What to work on: Transcribe the listing underneath, keeping each word exact and omitting the images.

Given information:
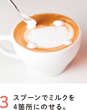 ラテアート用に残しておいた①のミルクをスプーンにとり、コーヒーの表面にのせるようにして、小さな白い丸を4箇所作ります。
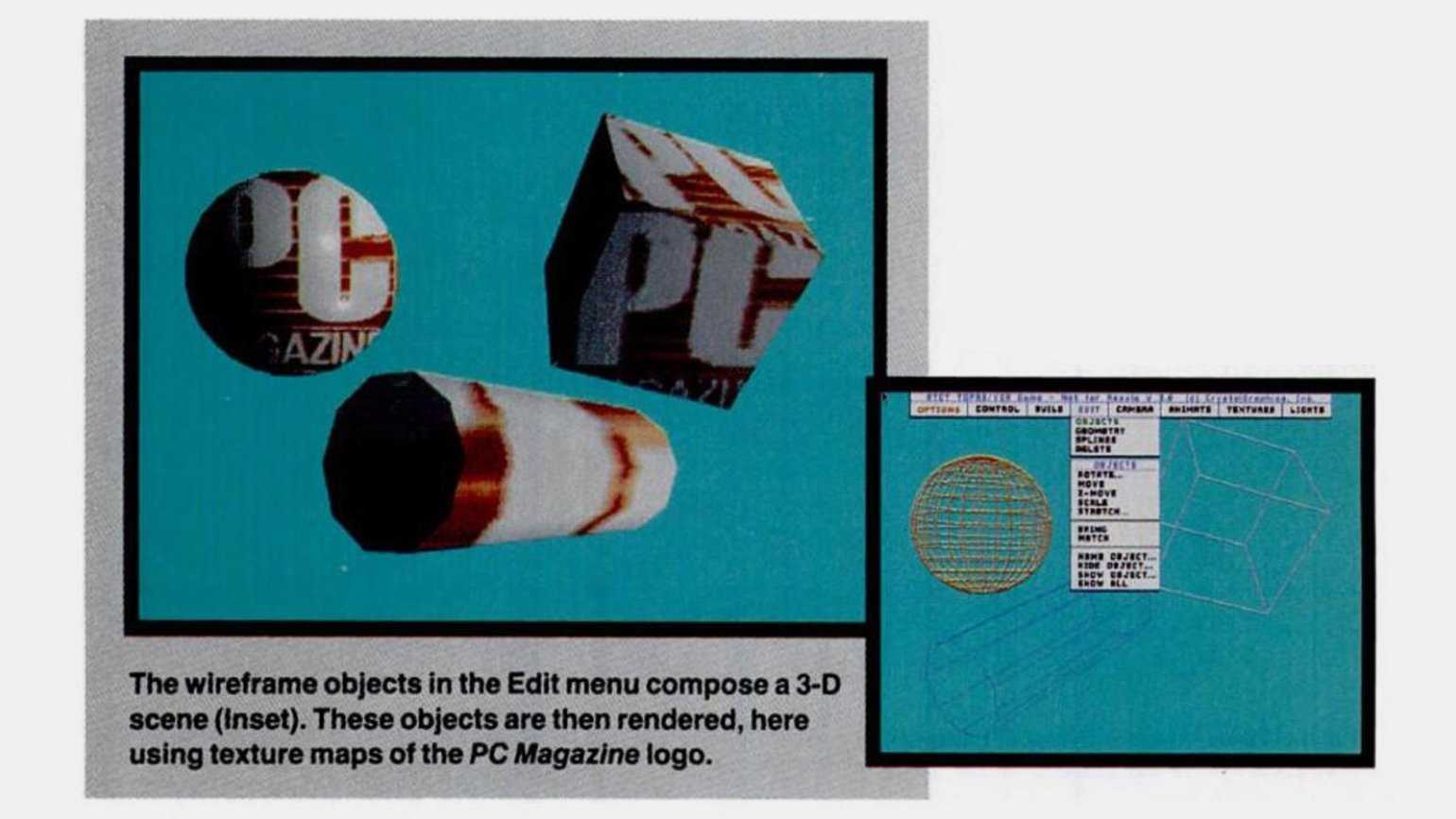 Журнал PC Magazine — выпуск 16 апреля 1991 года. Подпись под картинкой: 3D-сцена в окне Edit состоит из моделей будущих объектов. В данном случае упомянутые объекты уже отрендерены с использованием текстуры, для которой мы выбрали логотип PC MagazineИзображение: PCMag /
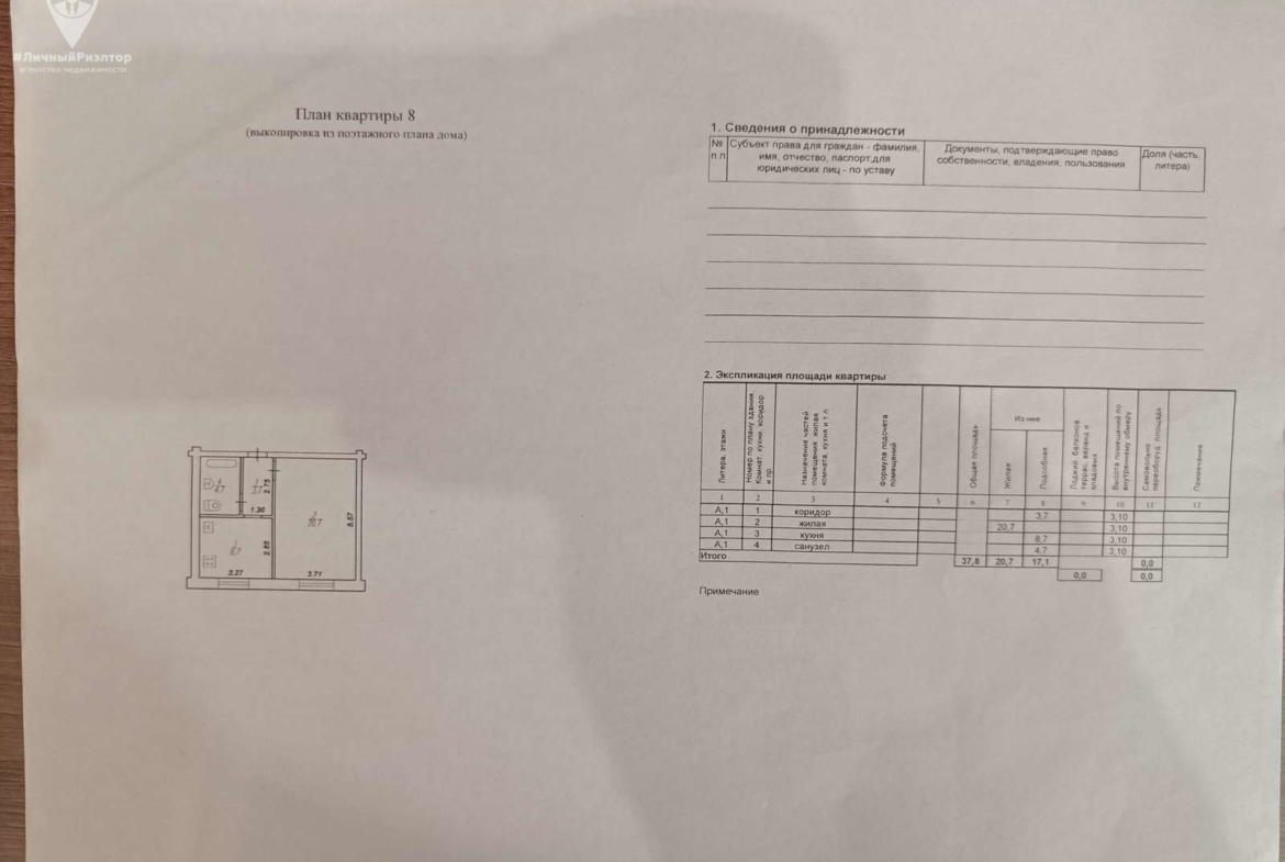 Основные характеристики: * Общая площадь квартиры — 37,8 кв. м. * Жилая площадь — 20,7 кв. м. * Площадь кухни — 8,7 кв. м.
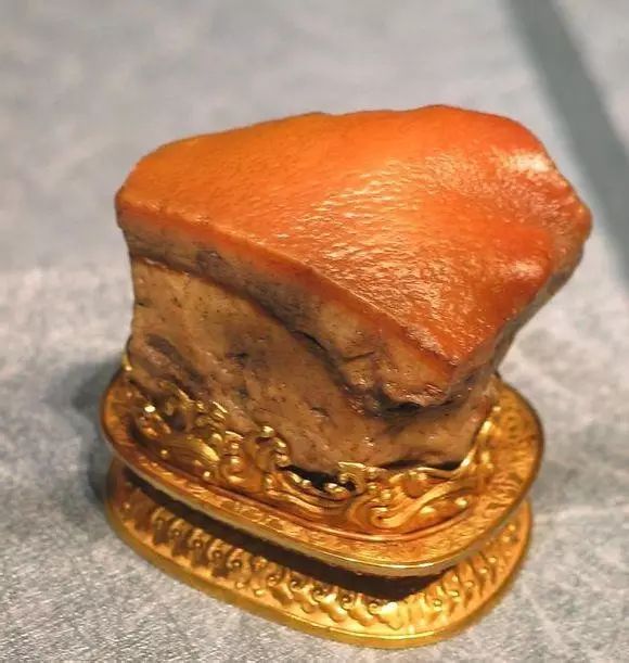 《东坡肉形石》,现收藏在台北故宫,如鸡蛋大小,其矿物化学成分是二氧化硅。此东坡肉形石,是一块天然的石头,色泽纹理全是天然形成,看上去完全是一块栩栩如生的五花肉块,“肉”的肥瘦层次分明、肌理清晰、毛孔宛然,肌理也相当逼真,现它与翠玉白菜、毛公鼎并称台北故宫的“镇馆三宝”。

Output:
 ラテアート用に残しておいた①のミルクをスプーンにとり、コーヒーの表面にのせるようにして、小さな白い丸を4箇所作ります。
 Журнал PC Magazine — выпуск 16 апреля 1991 года. Подпись под картинкой: 3D-сцена в окне Edit состоит из моделей будущих объектов. В данном случае упомянутые объекты уже отрендерены с использованием текстуры, для которой мы выбрали логотип PC MagazineИзображение: PCMag /
 Основные характеристики: * Общая площадь квартиры — 37,8 кв. м. * Жилая площадь — 20,7 кв. м. * Площадь кухни — 8,7 кв. м.
 《东坡肉形石》,现收藏在台北故宫,如鸡蛋大小,其矿物化学成分是二氧化硅。此东坡肉形石,是一块天然的石头,色泽纹理全是天然形成,看上去完全是一块栩栩如生的五花肉块,“肉”的肥瘦层次分明、肌理清晰、毛孔宛然,肌理也相当逼真,现它与翠玉白菜、毛公鼎并称台北故宫的“镇馆三宝”。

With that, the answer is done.